5

I have a std::map object map<string , Property*> _propertyMap, where string is the property's name and Property* contains the property values.

I need to process the properties values and convert them to a specific data format- each property has its own format, e.g.. if the map initialization is as following:

_propertyMap["id"]   = new Property(Property::UUID, "12345678");
_propertyMap["name"] = new Property(Property::STRING, "name");
....

then "id" should be processed differently than "name" etc.

This means that I need to look for each property in the map and process its values accordingly.

I thought about two ways to do that.

One, use std::map::find method to get a specific property, like that:

map<string , Property*>::iterator it1 = _propertyMap.find("id");
if(it1 != _propertyMap.end())
{
   //element found - process id values
} 
map<string , Property*>::iterator it2 = _propertyMap.find("name");
if(it2 != _propertyMap.end())
{
   //element found - process name values
} 
....

Two, iterate the map and for each entry check what the property's name is and proceed accordingly:

for (it = _propertyMap.begin(); it != _propertyMap.end(); ++it )
    {
        //if it is events - append the values to the matching nodes
        if (it->first == "id")
        {
           //process id values
        }
        else if (it->first == "name")
                {
                    //process name values
                }
        .....
    }

Given that the Time complexity of std::map::find is O(logN), the complexity of the first solution is O(NlogN).

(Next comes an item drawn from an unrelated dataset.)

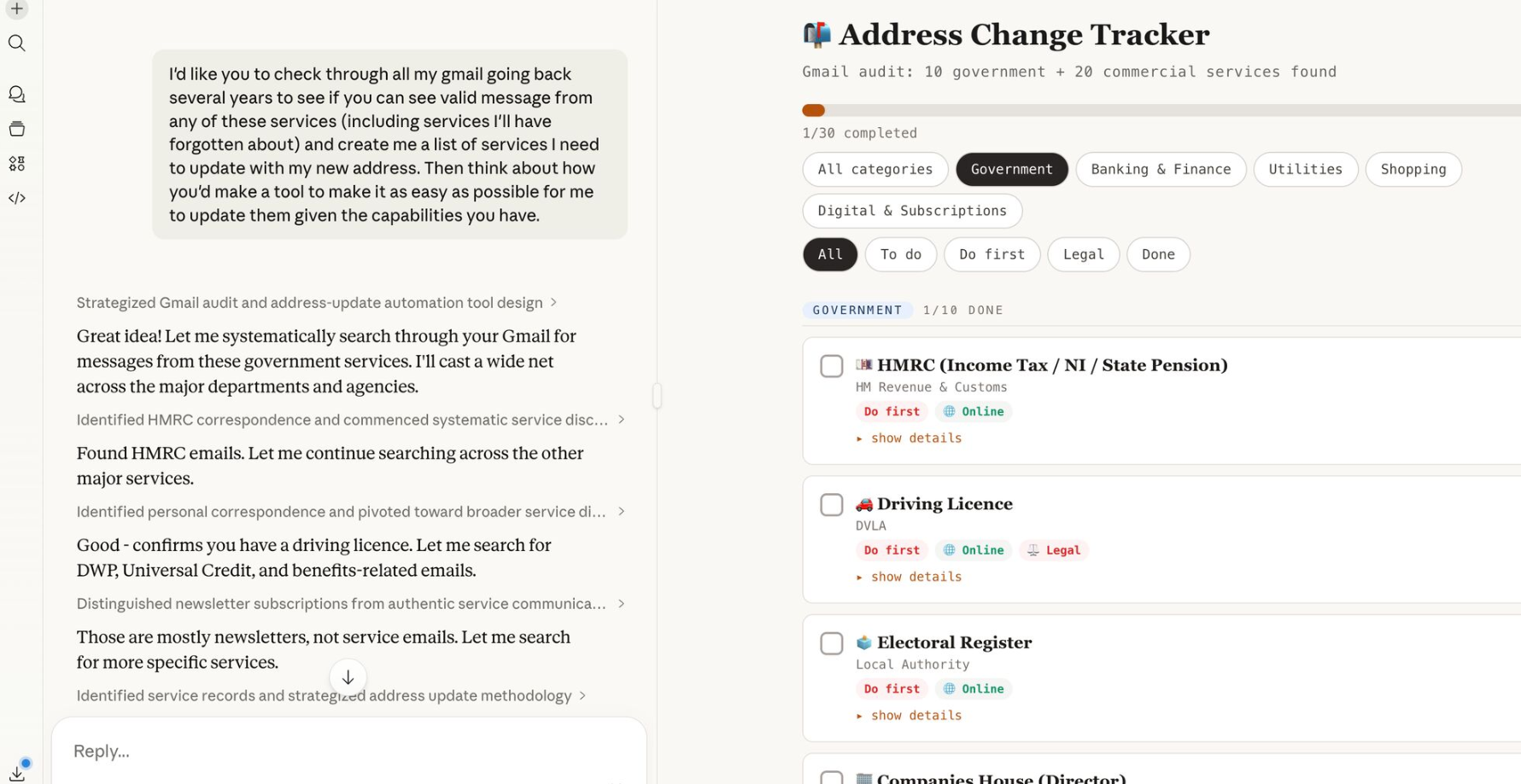This morning I’ve been playing with using an AI Agent (Claude Cowork) to do the hard work of updating my address across all public services which matter to me. I linked Cowork to my email archive, then gave it this prompt:

I'm not sure about the complexity of the second solution, because it iterates the map once (O(N)), but performs a lot of if-else each iteration. I tried to google common map::find() questions, but couldn't find any useful information; most of them just need to get one value from the map, and then find() does this with better complexity (O(logN) vs O(N)).

What is a better approach? or perhaps there is another one which I didn't think of?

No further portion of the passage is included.